Monday, September 04, 2006

Molding Young Minds

For the past month I've been tutoring a high school student who wants to get into A.P. French in this, her senior year. School starts for her tomorrow and in the next few days, she's slated to take the exam that was given to the honors level junior year French class in the spring. If she passes, she gets into the A.P. class. If not, she stays in the regular-level senior French class. I reeeeeeeeally want her to pass.

We worked on everything to the point of exhaustion: relative pronouns, comparatives and superlatives, si clauses, even the dreaded subjunctive. I worried a lot that I wasn't teaching her these concepts very well, that I was presenting them to her in a way completely opposite from the way the teachers at her school taught them, that I was leaving out essential points. But I must say that despite all that, I really enjoy tutoring, which I suppose makes sense. When I was teaching high school English, the only part I actually enjoyed was the one-on-one extra help sessions I had with my students. I'm definitely not one to get off on "performing" in front of a class.

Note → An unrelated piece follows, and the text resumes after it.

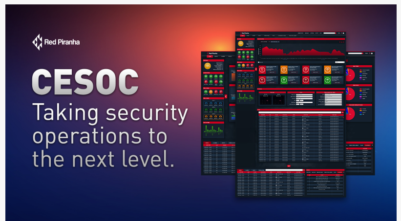
Red Piranha takes cybersecurity to the next level, launching CESOC, an XDR security operations centre with integrated MDR capabilities.

Featuring integrated SIEM, Incident Response and Forensics, Vulnerability Assessment, automated patching and integrated Risk Management capabilities, CESOC delivers cutting edge threat intelligence in real-time, allowing for an actionable defence to be implemented in operating environments.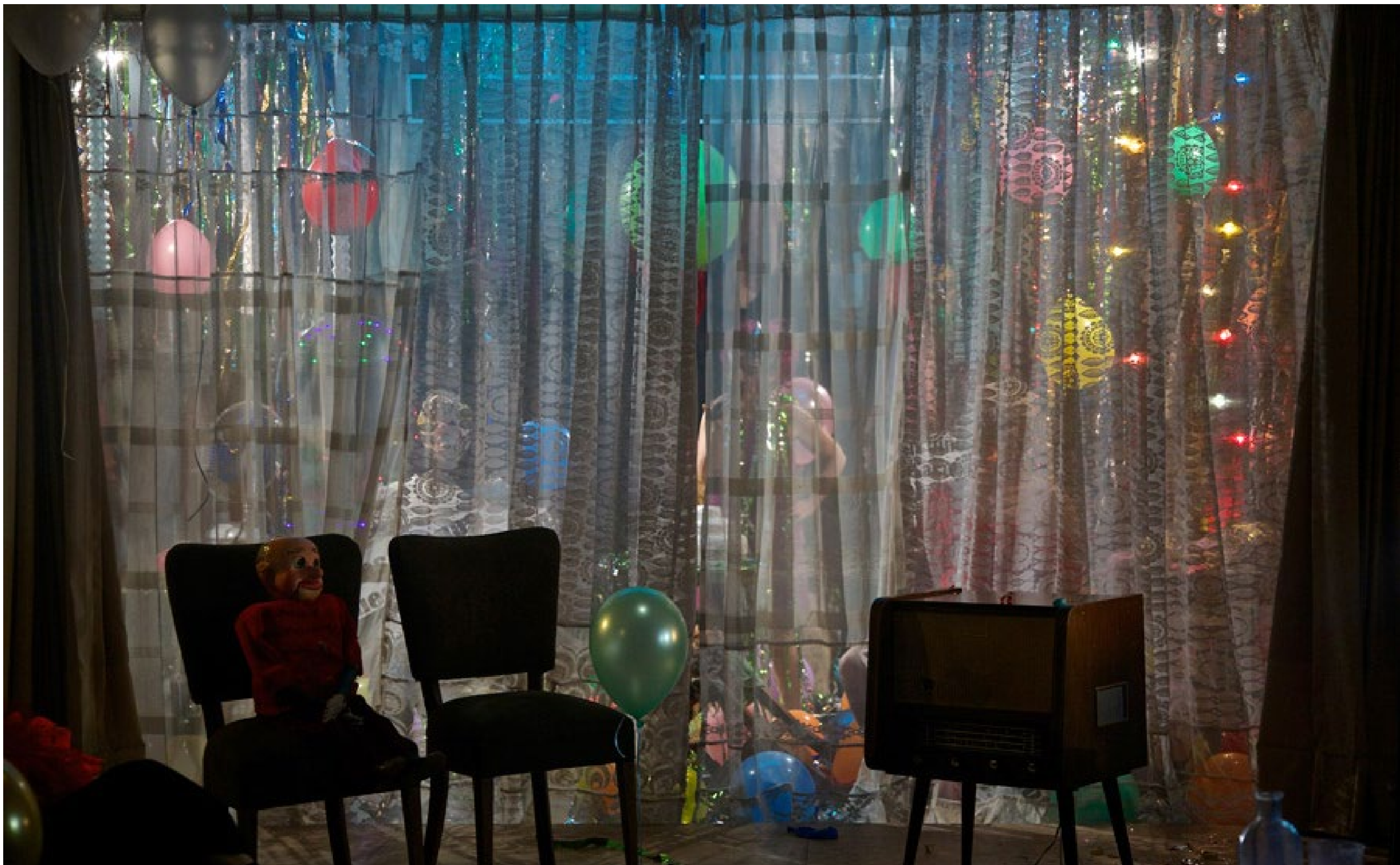
Mapa Teatro: Los Incontados: un tríptico

Anyway, if such a thing is possible, I might be more nervous about this test than my tutee is. I feel like I've nurtured this little fledgling as carefully and as diligently as I could, and now I have to turn her out into the wild where she'll either sink or swim. Of course the stakes aren't quite so high, but I have still have my fingers and toes double-crossed for her. I guess you could say that somewhere along the way I got pretty invested in this whole thing.